◆ TO DO ◆
From the data below, retype exactly the lines starting with the one that contains "2016年武鋼華潤燃?xì)猓ㄎ錆h)有限公司" and ending with the one that contains "Ethical considerations shape", both included.

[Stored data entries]
------------------------------

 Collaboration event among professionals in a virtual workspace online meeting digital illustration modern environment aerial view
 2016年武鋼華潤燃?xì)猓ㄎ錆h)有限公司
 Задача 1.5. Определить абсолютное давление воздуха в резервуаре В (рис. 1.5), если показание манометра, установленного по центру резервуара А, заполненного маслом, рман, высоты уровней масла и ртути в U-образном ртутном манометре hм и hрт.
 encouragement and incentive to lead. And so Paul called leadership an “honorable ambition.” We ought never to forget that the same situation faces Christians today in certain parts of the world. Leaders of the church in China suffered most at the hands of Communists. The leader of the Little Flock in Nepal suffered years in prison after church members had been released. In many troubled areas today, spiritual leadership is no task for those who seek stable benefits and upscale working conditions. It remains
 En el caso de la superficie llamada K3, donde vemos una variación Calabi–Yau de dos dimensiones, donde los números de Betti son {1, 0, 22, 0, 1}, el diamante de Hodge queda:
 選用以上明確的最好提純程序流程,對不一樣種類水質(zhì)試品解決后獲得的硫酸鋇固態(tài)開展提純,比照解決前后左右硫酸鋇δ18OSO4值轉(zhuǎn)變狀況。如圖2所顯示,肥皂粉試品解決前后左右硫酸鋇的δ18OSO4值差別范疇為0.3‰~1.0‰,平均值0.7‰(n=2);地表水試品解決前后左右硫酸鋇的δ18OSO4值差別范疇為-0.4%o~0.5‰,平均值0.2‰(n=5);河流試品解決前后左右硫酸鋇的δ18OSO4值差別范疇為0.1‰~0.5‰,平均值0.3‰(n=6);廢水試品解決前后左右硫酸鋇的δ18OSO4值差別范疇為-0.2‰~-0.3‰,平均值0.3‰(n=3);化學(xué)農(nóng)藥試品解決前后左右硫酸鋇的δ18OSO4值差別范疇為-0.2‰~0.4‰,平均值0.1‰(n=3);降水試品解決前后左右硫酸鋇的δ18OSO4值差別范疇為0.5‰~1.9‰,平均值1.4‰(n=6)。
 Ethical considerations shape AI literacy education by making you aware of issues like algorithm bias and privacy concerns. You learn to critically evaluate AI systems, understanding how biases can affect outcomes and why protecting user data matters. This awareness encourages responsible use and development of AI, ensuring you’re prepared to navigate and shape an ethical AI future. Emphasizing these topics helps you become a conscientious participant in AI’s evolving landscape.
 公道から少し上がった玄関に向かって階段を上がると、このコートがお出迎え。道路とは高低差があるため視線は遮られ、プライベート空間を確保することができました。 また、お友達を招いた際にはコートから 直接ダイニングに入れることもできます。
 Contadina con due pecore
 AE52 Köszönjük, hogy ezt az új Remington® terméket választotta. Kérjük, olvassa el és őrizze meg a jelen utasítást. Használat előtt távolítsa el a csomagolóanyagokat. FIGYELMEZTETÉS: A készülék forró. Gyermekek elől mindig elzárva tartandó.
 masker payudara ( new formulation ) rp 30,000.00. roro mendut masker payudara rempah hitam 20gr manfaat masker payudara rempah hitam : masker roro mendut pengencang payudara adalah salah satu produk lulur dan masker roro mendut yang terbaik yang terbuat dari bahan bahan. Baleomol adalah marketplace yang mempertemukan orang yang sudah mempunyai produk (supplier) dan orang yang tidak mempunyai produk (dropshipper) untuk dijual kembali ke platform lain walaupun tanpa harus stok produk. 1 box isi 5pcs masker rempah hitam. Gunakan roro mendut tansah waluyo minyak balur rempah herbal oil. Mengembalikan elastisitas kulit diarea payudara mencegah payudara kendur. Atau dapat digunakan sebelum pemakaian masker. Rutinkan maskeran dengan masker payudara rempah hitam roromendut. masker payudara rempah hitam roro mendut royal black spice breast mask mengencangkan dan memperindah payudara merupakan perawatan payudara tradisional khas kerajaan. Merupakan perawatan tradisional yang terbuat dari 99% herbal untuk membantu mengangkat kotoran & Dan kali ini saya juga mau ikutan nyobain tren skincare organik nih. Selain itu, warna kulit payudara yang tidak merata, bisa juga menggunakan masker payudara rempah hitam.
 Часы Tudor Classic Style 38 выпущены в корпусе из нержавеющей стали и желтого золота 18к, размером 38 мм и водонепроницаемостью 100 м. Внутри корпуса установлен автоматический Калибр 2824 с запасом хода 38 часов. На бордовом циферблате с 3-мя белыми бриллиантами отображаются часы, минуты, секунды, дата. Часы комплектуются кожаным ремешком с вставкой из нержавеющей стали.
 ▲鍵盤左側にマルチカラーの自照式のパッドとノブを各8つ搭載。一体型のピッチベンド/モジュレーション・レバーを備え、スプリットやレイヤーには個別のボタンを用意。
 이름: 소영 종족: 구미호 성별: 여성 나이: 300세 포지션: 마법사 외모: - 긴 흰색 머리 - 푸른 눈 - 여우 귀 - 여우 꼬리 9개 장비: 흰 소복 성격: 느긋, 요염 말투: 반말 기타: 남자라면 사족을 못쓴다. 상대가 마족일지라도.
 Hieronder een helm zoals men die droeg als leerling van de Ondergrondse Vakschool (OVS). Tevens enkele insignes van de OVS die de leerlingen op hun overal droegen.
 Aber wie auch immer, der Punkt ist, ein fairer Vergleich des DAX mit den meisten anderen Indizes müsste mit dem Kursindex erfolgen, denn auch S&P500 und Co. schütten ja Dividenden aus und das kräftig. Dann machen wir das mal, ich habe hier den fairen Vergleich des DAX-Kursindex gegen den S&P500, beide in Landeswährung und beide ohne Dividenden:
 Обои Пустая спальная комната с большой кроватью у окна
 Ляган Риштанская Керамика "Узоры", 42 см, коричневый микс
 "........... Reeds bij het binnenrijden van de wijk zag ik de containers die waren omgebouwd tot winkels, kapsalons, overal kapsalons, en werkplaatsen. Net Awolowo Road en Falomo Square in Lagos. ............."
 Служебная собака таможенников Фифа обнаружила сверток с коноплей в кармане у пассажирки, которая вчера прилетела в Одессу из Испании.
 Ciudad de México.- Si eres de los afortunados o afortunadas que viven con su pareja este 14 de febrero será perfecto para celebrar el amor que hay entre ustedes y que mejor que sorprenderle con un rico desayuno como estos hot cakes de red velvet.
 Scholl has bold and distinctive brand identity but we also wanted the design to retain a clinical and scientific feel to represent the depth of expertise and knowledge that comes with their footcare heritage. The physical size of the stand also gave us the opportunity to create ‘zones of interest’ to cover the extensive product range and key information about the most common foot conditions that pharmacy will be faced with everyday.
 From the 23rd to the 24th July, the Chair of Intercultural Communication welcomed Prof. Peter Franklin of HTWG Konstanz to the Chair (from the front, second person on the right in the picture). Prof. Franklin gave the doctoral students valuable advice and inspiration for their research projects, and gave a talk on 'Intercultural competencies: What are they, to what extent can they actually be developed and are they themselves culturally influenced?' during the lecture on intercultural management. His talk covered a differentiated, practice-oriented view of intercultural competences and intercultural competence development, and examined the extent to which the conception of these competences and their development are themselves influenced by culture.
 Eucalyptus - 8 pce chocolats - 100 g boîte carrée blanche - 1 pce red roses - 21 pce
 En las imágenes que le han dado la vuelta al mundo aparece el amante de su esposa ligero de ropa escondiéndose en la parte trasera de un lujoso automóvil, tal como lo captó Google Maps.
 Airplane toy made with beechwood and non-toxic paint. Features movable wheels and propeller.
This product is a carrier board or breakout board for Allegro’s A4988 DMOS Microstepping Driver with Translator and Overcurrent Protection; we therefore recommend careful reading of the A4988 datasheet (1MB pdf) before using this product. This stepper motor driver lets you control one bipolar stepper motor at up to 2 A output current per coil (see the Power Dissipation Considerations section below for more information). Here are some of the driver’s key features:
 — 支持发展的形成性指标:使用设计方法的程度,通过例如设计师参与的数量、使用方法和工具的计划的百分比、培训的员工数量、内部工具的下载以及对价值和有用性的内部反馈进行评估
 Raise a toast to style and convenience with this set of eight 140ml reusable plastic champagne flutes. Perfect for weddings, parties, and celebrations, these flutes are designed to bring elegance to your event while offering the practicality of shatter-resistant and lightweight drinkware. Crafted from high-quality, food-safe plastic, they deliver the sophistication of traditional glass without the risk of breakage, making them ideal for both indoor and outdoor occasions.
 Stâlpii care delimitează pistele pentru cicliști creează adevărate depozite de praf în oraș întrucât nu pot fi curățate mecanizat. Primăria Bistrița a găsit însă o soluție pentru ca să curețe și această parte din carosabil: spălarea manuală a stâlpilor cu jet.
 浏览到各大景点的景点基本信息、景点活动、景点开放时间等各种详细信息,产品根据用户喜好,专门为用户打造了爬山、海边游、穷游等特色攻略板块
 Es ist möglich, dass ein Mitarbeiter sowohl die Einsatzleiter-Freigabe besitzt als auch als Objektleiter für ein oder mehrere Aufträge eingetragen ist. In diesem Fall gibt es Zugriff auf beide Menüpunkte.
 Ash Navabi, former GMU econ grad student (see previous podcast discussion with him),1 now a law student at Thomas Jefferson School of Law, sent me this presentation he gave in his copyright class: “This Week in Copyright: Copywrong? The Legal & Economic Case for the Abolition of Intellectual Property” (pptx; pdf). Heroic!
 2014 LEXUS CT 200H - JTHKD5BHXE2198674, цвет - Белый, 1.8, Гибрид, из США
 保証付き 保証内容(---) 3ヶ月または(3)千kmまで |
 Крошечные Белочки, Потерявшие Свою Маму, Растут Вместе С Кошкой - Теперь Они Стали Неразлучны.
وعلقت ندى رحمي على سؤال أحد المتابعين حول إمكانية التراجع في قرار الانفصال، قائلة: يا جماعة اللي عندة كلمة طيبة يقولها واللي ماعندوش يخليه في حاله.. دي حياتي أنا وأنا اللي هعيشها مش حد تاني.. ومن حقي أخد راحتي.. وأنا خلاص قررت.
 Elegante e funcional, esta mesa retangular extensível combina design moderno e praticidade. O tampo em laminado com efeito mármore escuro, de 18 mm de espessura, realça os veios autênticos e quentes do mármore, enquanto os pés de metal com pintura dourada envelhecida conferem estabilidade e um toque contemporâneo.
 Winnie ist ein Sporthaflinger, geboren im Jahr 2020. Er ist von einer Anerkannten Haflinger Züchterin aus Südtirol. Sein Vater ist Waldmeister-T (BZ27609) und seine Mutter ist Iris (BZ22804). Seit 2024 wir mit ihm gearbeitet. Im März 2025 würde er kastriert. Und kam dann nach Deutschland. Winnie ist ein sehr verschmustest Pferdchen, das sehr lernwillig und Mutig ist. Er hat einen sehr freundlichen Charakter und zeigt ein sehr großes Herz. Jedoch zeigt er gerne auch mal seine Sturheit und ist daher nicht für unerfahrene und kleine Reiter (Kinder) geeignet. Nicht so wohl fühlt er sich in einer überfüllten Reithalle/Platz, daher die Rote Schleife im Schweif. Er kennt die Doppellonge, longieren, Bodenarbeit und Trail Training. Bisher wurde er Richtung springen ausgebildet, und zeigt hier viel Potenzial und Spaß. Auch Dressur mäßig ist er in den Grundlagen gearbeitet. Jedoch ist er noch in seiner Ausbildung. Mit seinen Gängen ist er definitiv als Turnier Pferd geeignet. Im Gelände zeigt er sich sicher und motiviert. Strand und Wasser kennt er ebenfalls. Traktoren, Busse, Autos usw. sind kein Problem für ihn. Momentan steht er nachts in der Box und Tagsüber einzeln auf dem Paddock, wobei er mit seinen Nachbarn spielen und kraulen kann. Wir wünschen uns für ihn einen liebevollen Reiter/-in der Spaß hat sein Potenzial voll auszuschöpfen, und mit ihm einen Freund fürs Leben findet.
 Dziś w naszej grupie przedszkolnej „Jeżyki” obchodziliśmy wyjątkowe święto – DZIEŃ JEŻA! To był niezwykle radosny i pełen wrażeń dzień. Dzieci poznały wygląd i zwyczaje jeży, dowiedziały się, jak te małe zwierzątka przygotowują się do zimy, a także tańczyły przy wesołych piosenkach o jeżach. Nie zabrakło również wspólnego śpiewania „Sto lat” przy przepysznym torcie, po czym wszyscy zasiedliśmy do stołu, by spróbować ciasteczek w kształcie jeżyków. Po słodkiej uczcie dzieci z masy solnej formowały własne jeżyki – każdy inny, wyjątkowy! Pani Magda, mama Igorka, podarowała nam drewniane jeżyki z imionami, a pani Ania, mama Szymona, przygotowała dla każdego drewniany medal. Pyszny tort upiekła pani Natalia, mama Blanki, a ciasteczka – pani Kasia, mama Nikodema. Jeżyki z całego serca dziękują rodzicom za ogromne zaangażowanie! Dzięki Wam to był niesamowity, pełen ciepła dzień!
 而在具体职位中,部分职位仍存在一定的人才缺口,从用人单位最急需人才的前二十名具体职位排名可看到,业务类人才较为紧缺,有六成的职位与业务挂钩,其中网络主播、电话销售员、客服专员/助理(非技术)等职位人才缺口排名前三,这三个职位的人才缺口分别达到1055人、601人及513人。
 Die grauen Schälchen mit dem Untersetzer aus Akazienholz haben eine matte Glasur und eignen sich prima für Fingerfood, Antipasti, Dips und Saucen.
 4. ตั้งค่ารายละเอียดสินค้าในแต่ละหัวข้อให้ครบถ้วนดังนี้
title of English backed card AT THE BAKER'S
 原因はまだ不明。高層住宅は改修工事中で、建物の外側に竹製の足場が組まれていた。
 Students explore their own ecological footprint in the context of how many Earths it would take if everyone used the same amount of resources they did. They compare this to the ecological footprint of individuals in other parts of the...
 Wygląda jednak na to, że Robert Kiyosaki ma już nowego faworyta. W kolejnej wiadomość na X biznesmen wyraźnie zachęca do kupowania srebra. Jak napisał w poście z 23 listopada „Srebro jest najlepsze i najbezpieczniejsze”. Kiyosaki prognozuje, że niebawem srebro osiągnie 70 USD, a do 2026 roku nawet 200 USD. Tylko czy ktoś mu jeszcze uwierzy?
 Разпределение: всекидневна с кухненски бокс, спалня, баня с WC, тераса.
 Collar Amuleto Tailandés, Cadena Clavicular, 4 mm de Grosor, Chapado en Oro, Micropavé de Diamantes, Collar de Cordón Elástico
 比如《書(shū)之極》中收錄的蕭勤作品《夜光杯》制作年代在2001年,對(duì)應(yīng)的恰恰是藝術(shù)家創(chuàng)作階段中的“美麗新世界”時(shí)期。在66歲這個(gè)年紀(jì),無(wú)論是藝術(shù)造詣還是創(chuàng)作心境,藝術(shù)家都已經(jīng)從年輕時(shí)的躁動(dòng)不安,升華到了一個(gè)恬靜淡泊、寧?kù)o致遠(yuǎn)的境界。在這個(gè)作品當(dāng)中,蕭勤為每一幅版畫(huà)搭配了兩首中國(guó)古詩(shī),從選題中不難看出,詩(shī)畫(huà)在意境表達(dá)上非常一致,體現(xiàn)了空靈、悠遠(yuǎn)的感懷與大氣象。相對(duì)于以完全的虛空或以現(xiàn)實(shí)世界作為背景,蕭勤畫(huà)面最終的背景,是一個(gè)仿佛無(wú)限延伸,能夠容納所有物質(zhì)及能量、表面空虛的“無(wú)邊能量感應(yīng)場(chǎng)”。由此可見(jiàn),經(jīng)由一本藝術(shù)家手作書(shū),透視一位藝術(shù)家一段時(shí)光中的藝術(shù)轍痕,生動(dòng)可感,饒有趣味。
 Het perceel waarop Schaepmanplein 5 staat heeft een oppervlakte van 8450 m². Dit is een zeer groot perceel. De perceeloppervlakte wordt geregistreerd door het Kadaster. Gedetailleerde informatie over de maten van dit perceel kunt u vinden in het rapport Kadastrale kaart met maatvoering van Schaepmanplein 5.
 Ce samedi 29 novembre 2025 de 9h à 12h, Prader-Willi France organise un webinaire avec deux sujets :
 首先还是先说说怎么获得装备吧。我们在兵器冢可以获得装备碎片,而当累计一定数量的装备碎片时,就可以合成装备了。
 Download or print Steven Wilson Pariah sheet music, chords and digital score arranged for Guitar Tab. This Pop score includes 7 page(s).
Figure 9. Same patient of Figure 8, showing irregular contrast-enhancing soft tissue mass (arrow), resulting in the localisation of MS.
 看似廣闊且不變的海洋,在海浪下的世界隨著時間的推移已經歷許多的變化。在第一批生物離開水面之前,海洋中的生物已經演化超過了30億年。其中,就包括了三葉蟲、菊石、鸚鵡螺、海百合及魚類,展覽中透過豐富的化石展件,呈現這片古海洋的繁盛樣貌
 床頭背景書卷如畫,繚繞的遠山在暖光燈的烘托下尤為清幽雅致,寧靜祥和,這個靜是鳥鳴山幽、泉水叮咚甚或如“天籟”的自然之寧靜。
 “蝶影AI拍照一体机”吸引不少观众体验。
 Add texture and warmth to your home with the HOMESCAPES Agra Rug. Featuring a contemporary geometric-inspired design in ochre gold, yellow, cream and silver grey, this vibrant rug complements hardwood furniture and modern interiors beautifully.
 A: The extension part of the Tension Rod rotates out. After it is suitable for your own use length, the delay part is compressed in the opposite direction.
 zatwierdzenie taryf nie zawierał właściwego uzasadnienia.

------------------------------

◆ RESULT ◆
 2016年武鋼華潤燃?xì)猓ㄎ錆h)有限公司
 Задача 1.5. Определить абсолютное давление воздуха в резервуаре В (рис. 1.5), если показание манометра, установленного по центру резервуара А, заполненного маслом, рман, высоты уровней масла и ртути в U-образном ртутном манометре hм и hрт.
 encouragement and incentive to lead. And so Paul called leadership an “honorable ambition.” We ought never to forget that the same situation faces Christians today in certain parts of the world. Leaders of the church in China suffered most at the hands of Communists. The leader of the Little Flock in Nepal suffered years in prison after church members had been released. In many troubled areas today, spiritual leadership is no task for those who seek stable benefits and upscale working conditions. It remains
 En el caso de la superficie llamada K3, donde vemos una variación Calabi–Yau de dos dimensiones, donde los números de Betti son {1, 0, 22, 0, 1}, el diamante de Hodge queda:
 選用以上明確的最好提純程序流程,對不一樣種類水質(zhì)試品解決后獲得的硫酸鋇固態(tài)開展提純,比照解決前后左右硫酸鋇δ18OSO4值轉(zhuǎn)變狀況。如圖2所顯示,肥皂粉試品解決前后左右硫酸鋇的δ18OSO4值差別范疇為0.3‰~1.0‰,平均值0.7‰(n=2);地表水試品解決前后左右硫酸鋇的δ18OSO4值差別范疇為-0.4%o~0.5‰,平均值0.2‰(n=5);河流試品解決前后左右硫酸鋇的δ18OSO4值差別范疇為0.1‰~0.5‰,平均值0.3‰(n=6);廢水試品解決前后左右硫酸鋇的δ18OSO4值差別范疇為-0.2‰~-0.3‰,平均值0.3‰(n=3);化學(xué)農(nóng)藥試品解決前后左右硫酸鋇的δ18OSO4值差別范疇為-0.2‰~0.4‰,平均值0.1‰(n=3);降水試品解決前后左右硫酸鋇的δ18OSO4值差別范疇為0.5‰~1.9‰,平均值1.4‰(n=6)。
 Ethical considerations shape AI literacy education by making you aware of issues like algorithm bias and privacy concerns. You learn to critically evaluate AI systems, understanding how biases can affect outcomes and why protecting user data matters. This awareness encourages responsible use and development of AI, ensuring you’re prepared to navigate and shape an ethical AI future. Emphasizing these topics helps you become a conscientious participant in AI’s evolving landscape.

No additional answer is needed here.